Serving the campus of the University of Alabama since 1894

The Crimson White

Serving the campus of the University of Alabama since 1894

The Crimson White

Serving the campus of the University of Alabama since 1894

The Crimson White

Students, professors comment on state of documentary film


When it comes to film entertainment, box office numbers generally indicate an interest in films with a traditional three act structure that isn’t too short and isn’t too long. Most, if not all, blockbusters follow this formula, and consumer markets let them know that it works with their dollar. There is nothing wrong with rip-roaring blockbusters about space samurai or super powered vigilantes, but these films often overshadow smaller, more intimate features, especially documentaries.

“Many people would much rather watch an over-saturated horror flick about a possessed doll than a thought provoking documentary about a small-town legend or a village across the world cut off from technology,” Said Josh Wiggins, a junior majoring in telecommunication and film, who has focused his major into documentary studies.

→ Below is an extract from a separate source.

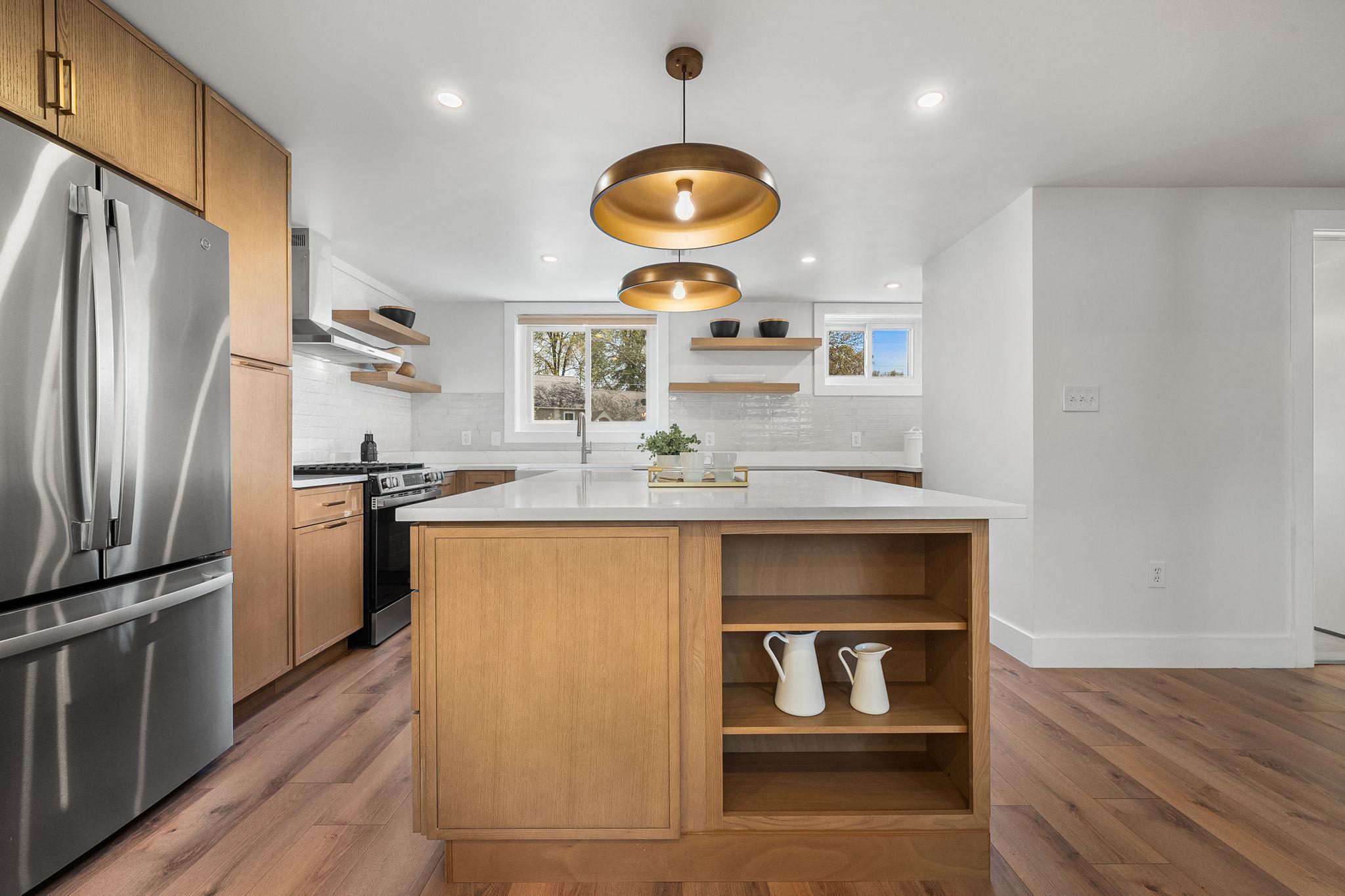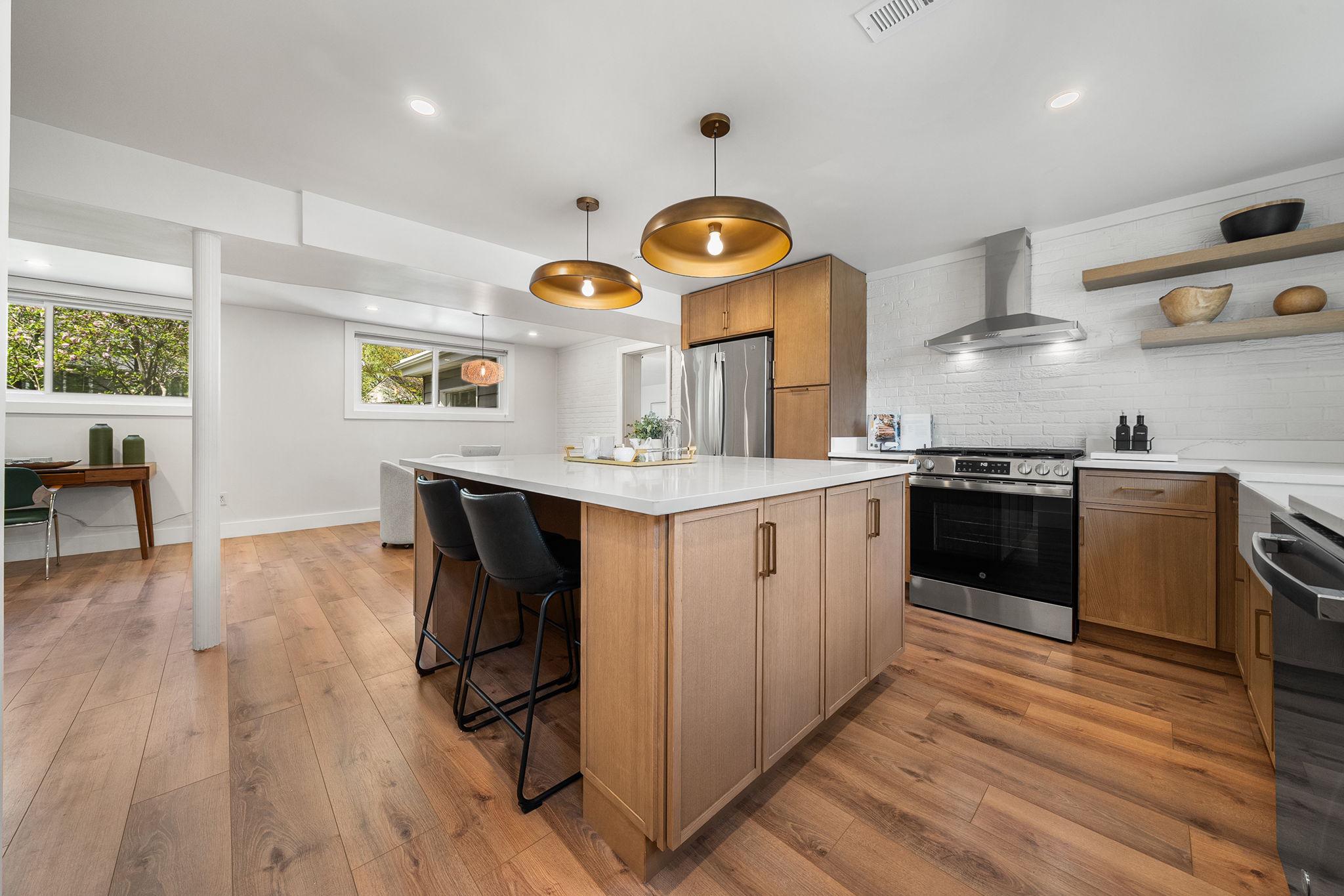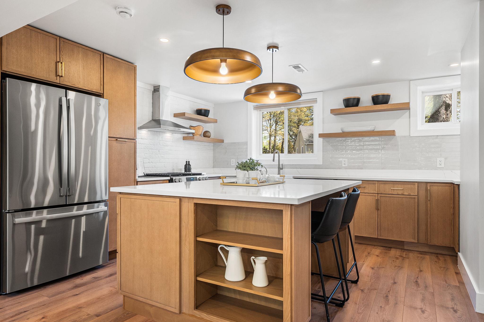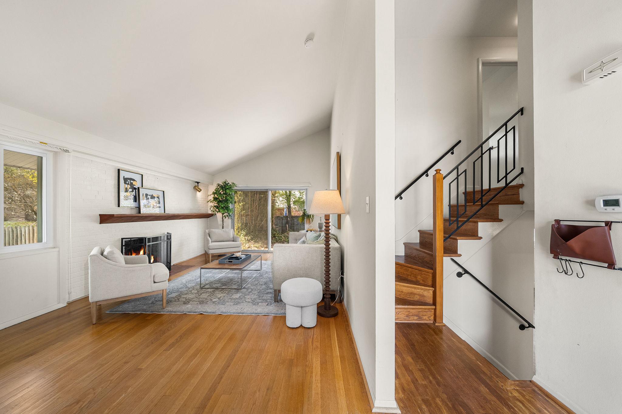 This exceptional expanded Dover model offers a bright open concept floorplan with 4 levels, 3 bedrooms, 2.5 bathrooms, and 2,544 square feet of thoughtfully designed living space on a prominent 0.33 acre corner lot, directly across from Waynewood Elementary School in one of Fort Hunt's most established communities! The newly renovated and expanded kitchen and dining area serve as the home's centerpiece. Custom light wood cabinetry with gold-toned hardware, white subway tile backsplash, floating shelves, a stainless steel hood and appliances, and a farmhouse sink framed by a large window create a refined yet welcoming aesthetic. A generous island with seating for two flows into a dining space with an adjoining play/flex area (great office space, den or playroom). Just off the kitchen and dining area is a the family room complete with access to the carport, a second fireplace and large picture windows overlooking the backyard. The sun drenched living room features a soaring vaulted ceiling, expansive windows, a wood-burning fireplace and sliding doors to the backyard. Two fully renovated bathrooms exude spa-like elegance. The gorgeous full bath upstairs is flooded with natural light and features a striking shower of deep green vertical stack-bond tile with gold fixtures, custom wood tone vanity, and built-in alcove storage featuring natural wood shelving and custom fluted wood cabinetry for storage. Three upper-level bedrooms are complemented by a convenient half bath. The largest bedroom includes 2 closets. The basement provides storage, a workbench, and laundry area. Additional highlights include a carport and a fully fenced backyard and raised garden beds perfect for entertaining, relaxing or gardening. Stroll across the street to Waynewood Elementary, or down the street to the neighborhood park and pool and the Mount Vernon Bike Trail. Conveniently located just minutes from Old Town Alexandria, a short drive to Reagan National Airport, and offering easy access to the George Washington Memorial Parkway, this home showcases beautifully updated interiors in the beloved Waynewood neighborhood! Kitchen and both full bathrooms (2025), Hot water heater (2024), Trane HVAC (2020), Roof (2017).
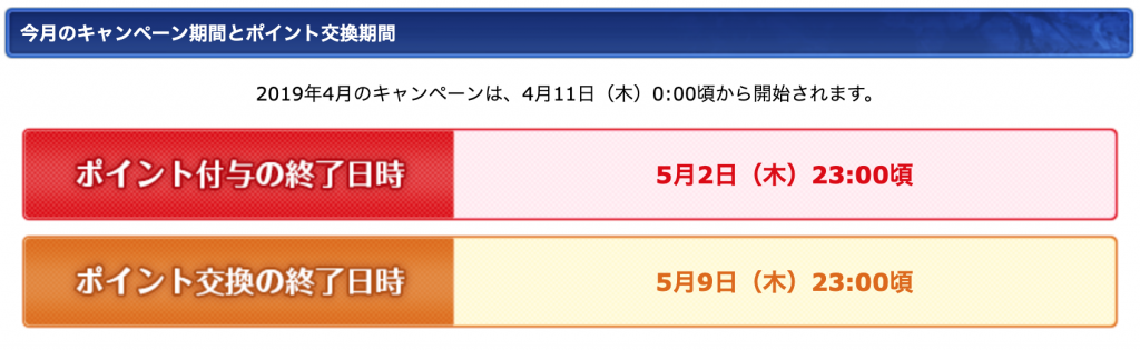 3月のロインポイントの交換が4/9 23:00までとなっています。忘れずに消費してくださいね!

While box office figures confirm Wiggins’ assertion, documentaries have long served as a haven for those in search of a story steeped in humanity. An example of a documentary that harnesses this potential for intimacy is Ross McElwee’s 1986 film, “Sherman’s March.” The film follows documentarian Ross McElwee on what was meant to be a journey tracing the march of Confederate General Sherman T. Williams, but turned into a personal search for companionship.

“McElwee set off to make a historical piece but ended up filming his experiences with several girls and his relationships with them,” Wiggins said. “The film is just an amazing slice of life of a guy with a camera.”

The seemingly mundane personal exploits of McElwee turn into a highly personal look at human relationships. It is this type of real human experience which enable documentaries to touch viewers on a deeply personal level.

Another facet of documentaries, one which makes them highly important, is their ability to cause social change. A prime example of this is director Kirby Dick’s 2015 feature, “The Hunting Ground.” Dick’s film sheds light on college rape victims and their plight in search for justice. This film particularly resonated with Shelby Anderson, a junior telecommunication and film student and a sexual assault survivor herself. Anderson’s relationship with “The Hunting Ground” serves as a real life example of the potential documentaries have to empower and inform.

“It was a very hard film to watch, but also it was so encouraging to know that my struggle was not unique, which is also a heartbreaking reality,” Anderson said. “I think that’s a really important part of what documentaries do, they remind others that they’re not alone, but also bring light to really important things that may get swept under the rug.”

Despite their striking ability to provoke thought and social change, many viewers are still scared away from documentaries due to a misconception, most likely fostered in substitute teacher-led high school classrooms, that they are boring and overly informational. This misconception has long hurt the marketability of documentaries to mass audiences. Professor Nick Corrao, who teaches many documentary courses and has directed documentaries of his own, recognizes this misconception, but also sees how documentaries have evolved to fight this misconception over time.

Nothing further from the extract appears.